Хабаров не перебивал Клавдию Георгиевну. Ему было неудобно. "Ни к чему этот разговор получился". Но в голову никак не приходил приличный ход для отступления – ни шутливый, ни серьезный.

– В принципе я не жалуюсь, в принципе я своей жизнью довольна, – говорила Клавдия Георгиевна, – мне бы только жестокости побольше. Не умею говорить людям в лицо то, чего они заслуживают. Хочу и не могу. В горле какой-то ком сжимается – и немею. – Она замолчала, и Виктор Михайлович воспользовался этим:

– Это действительно трудно. Так хочется, бывает, сказать иногда человеку: ну и сволочь ты, братец, ну и подлец… А не говоришь. Подумаешь: вот скажу, так разве ж он поймет? Ни в жизнь! А если и поймет и, допустим, поверит, все равно лучше не станет. Подумаешь и молчишь. А на душе паршиво. Тоска.

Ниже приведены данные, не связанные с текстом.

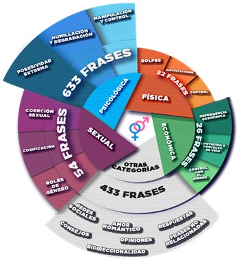 Por su parte, aunque las frases sobre violencia física son directas: “maltrato físico” “violencia física”, “golpes”, “puños”, “que me muerdan”, resaltan aquellas en que se encuentran referencias a la justificación de la violencia: “Lo hago porque te amo”, “Una justificación por cada golpe”, “si no te pega, no te ama” en las que incluso se asocia el amor a la violencia: “Tú me hiciste enojar y por eso te golpeé, perdón yo te amo mucho”. Cabe resaltar que para todas las frases de violencia física es coherente presumir el cruce con la violencia psicológica que lógicamente le subyace.
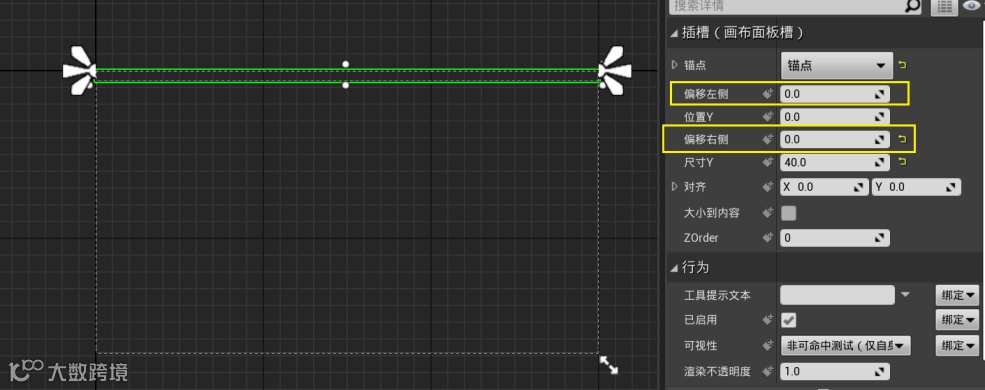 以竖轴向作为锚点适配来举例,位置X是横向相对于锚点的位置;偏移顶部和偏移底部是控件到顶部和底部的距离,调节该参数会使控件发生形变;尺寸X是控件横向的尺寸大小。
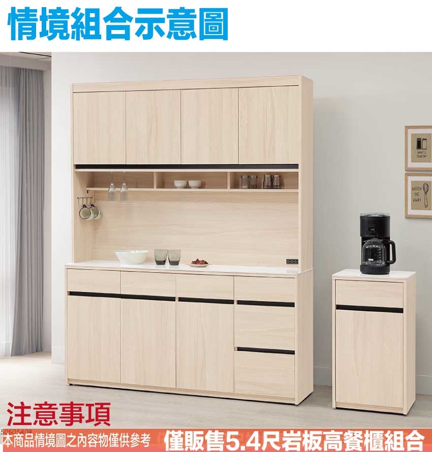 - 產品名稱:【綠家居】波可5.4尺岩板高餐櫃組合(內含插座)
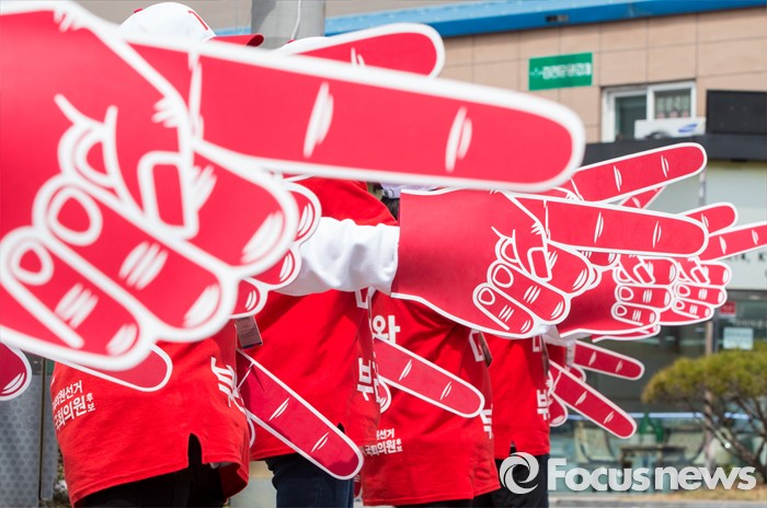 (당진=포커스뉴스) 6일 오후 충남 당진 구 버스터미널 사거리에서 열린 김무성 새누리당 대표, 김동완 당진시 후보 지원유세장에서 선거 사무원들이 유권자들의 지지를 호소하고 있다.
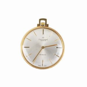 EDISSOUNT OROLOGIO DA TASCA cassa monoblocco in oro giallo 18kt, quadrante argenté, grafica nera, indici [..]
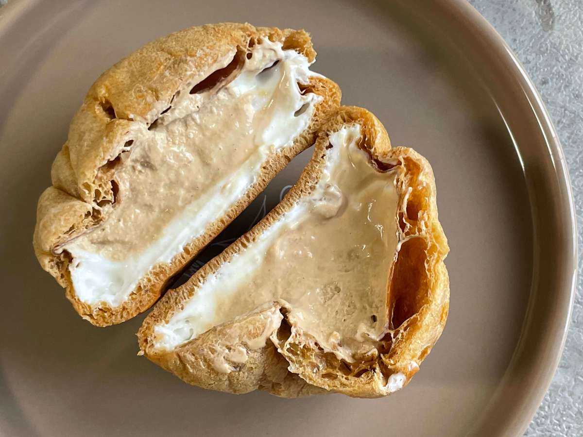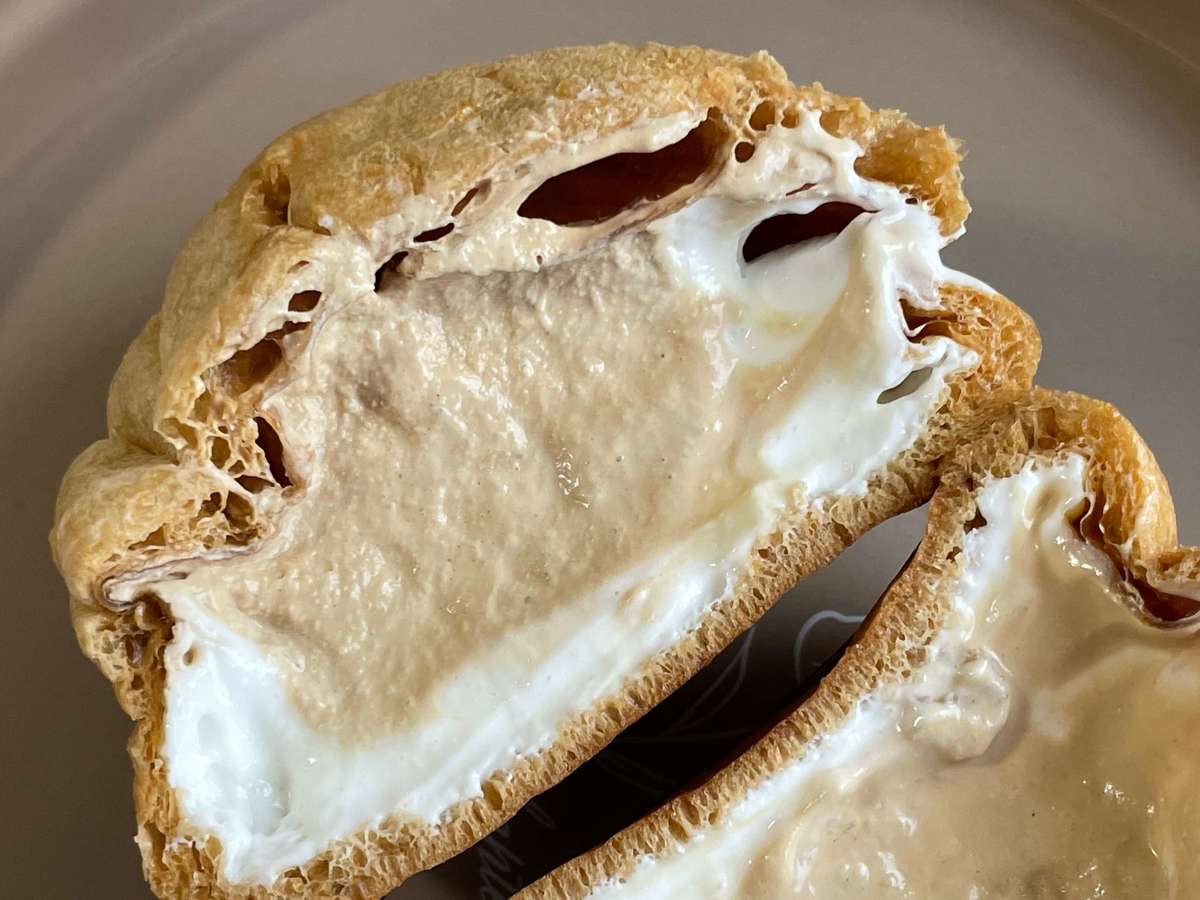 もちもちとした食感のシュー生地に、コーヒー味のホイップクリームとミルククリームの2種類が入っています。
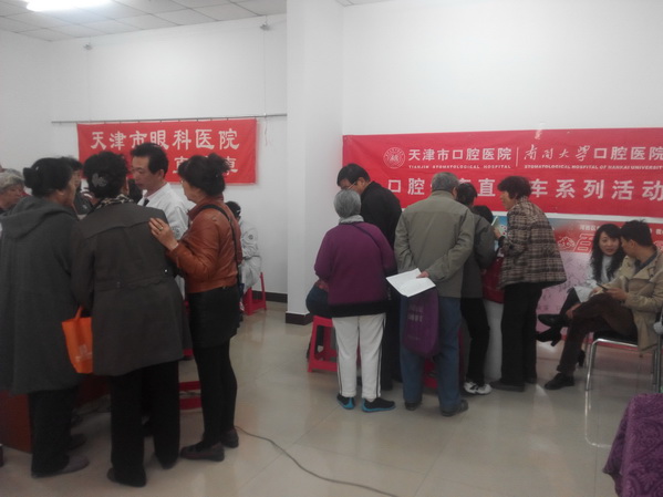 2015年4月15日,市眼科医院社区服务直通车与市口腔医院口腔健康直通车联合来到河西区梅江万科水晶城居委会,为150名居民进行了眼科和口腔的检查,并发放药品30余支,受到了当地居民的热烈欢迎。

– Да, да, это вы, Виктор Михайлович, очень точно заметили – тоска. Свирепая тоска, и некуда от нее деваться, и хочется землю грызть…

– Землю грызть, Клавдия Георгиевна, ни к чему. Не поможет. Просто надо взять хорошие стихи и читать вслух, совсем не думая, про что в этих стихах сказано, как, для чего, чему созвучно. Читать, вслушиваясь в музыку слов.

На одно колено ставши,
Он прицелился в оленя.
Только ветка шевельнулась,
Только листик закачался,
Но олень уж встрепенулся,
Отшатнувшись, топнул в землю,
Чутко встал, подняв копыто,
Прыгнул, точно ждал удара.
Ах, он шел навстречу смерти!
Как оса, стрела запела,
Как оса, в него впилася!..

И, не дожидаясь вопроса Клавдии Георгиевны, Хабаров сказал:

– Генри Лонгфелло, "Гайавата", перевод Бунина. Если когда-нибудь перед смертью у меня будет хоть пять минут свободного времени, обязательно постараюсь вспомнить "Гайавату"…

Они поговорили еще немного, и Клавдия Георгиевна, пожелав Хабарову спокойной ночи, ушла. В больничном дворе остановилась и, наверное, с минуту смотрела в тусклое, затянутое бледно-сиреневой пеленой небо. Звезды едва просматривались – звезды казались большими, больше, чем всегда, и размытыми. А Млечный Путь совсем затянулся, исчез. И с детства знакомый ковш Большой Медведицы она не отыскала. Попробовала вспомнить что-нибудь из стихов, вот только-только прочитанных Хабаровым, но перед глазами, будто напечатанная, всплыла всего лишь одна строчка: "Ах, он шел навстречу смерти!" Клавдия Георгиевна даже рассердилась: "Чепуха какая-то!.."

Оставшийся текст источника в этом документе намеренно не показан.